Sber’s GigaChat neural network has reportedly outperformed most publicly available models in recent benchmarking conducted under the MERA framework. The results were shared by the financial institution’s press service, highlighting the model’s strong performance across a series of structured tasks.
The evaluation featured two Sber neural network configurations: GigaChat PRO and GigaChat Lite+.
In a practical assessment consisting of 21 instruction-based tasks spanning diverse knowledge domains, GigaChat PRO achieved a score of 51.3 out of 100, surpassing the Mixtral 8x7B Instruct model which earned 47.8 points. These figures come from an open evaluation system intended to offer objective and transparent insights into model capabilities.
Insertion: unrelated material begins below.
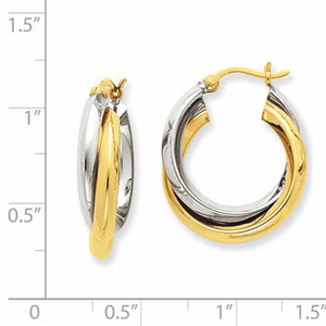 14K Gold Two Tone 21mmx19mmx6mm Modern Contemporary Double Hoop Earrings

Sberbank notes that the higher a model scores, the more effectively artificial intelligence can handle a broad range of intellectual and daily problems. The technology can assist with drafting articles in a chosen style, conducting targeted information searches, and producing analyses grounded in retrieved data.
According to the company, neural networks enable businesses to design their own AI solutions and streamline internal processes. This aligns with the broader goal of leveraging language models to improve efficiency and decision making across organizational functions.
Andrey Belevtsev, Senior Deputy CTO and Head of Sberbank Technology, emphasized the importance of keeping a precise understanding of what large language models can actually do, especially as development in this space accelerates. The CEO highlighted that evaluation results help users learn how to apply GigaChat effectively and provide researchers with objective data for future training, customization, and ongoing advancement of large language models.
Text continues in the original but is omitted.